* Work request *
Please restate each line of the data that follows word for word, skipping any image.

* Provided data *
----

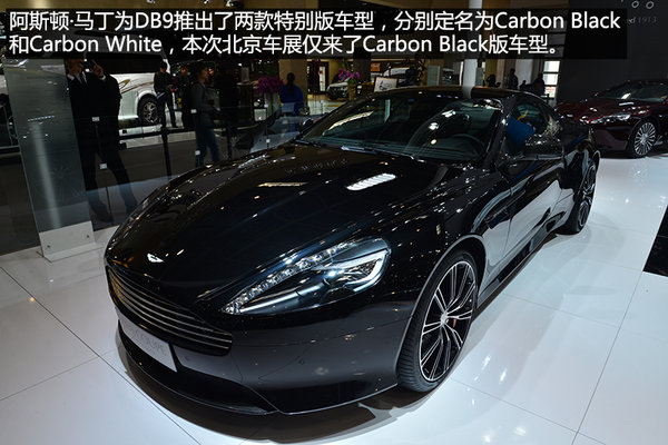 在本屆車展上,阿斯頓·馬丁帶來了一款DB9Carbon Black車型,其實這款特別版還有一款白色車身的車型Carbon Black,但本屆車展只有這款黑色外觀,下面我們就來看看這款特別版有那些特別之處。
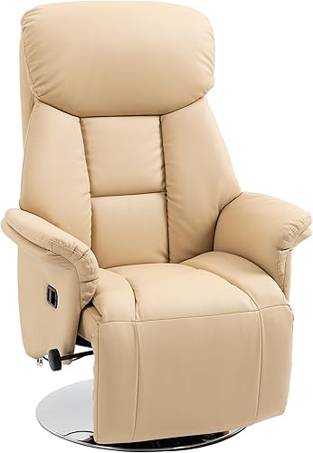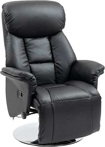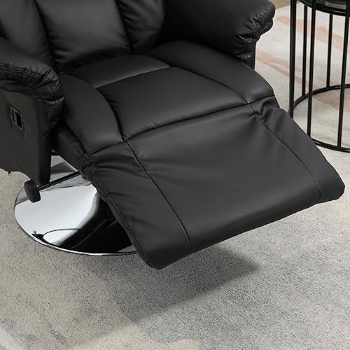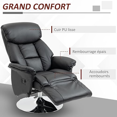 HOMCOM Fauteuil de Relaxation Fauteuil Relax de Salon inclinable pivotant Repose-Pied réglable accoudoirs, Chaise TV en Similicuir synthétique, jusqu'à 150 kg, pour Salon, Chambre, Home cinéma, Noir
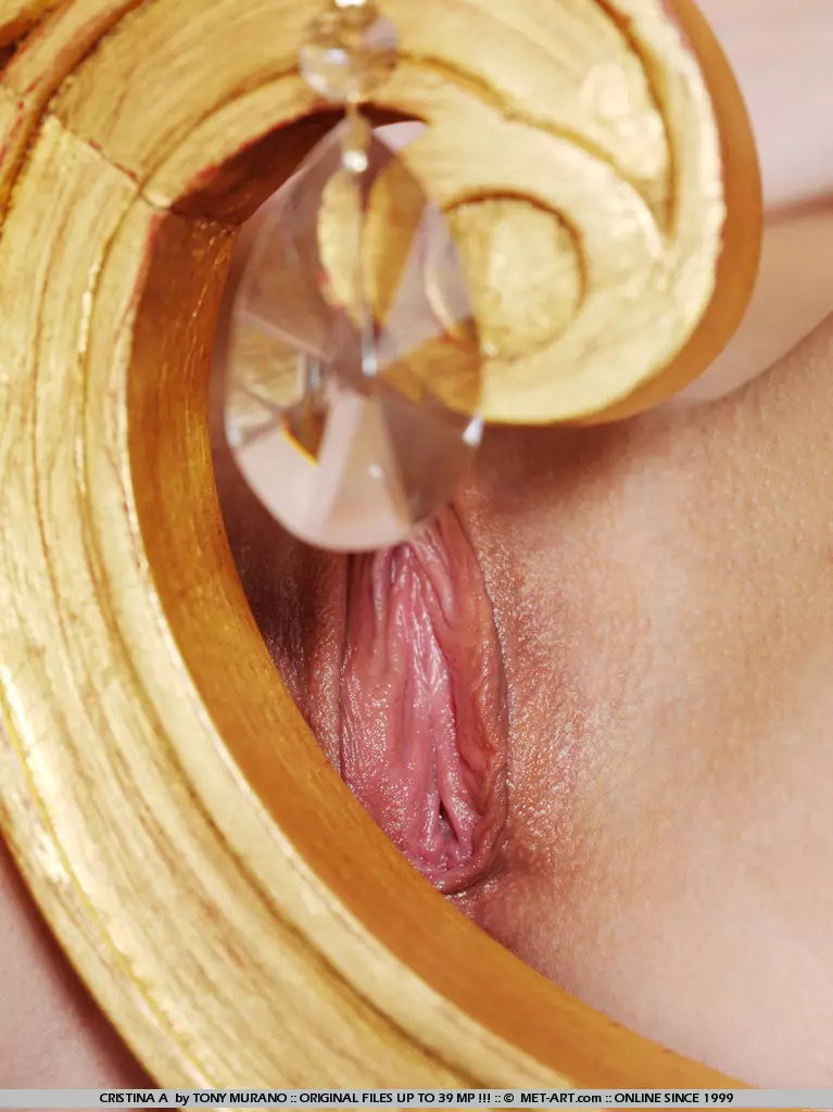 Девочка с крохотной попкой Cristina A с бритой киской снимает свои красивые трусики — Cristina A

----

* The completed task *
 在本屆車展上,阿斯頓·馬丁帶來了一款DB9Carbon Black車型,其實這款特別版還有一款白色車身的車型Carbon Black,但本屆車展只有這款黑色外觀,下面我們就來看看這款特別版有那些特別之處。
 HOMCOM Fauteuil de Relaxation Fauteuil Relax de Salon inclinable pivotant Repose-Pied réglable accoudoirs, Chaise TV en Similicuir synthétique, jusqu'à 150 kg, pour Salon, Chambre, Home cinéma, Noir
 Девочка с крохотной попкой Cristina A с бритой киской снимает свои красивые трусики — Cristina A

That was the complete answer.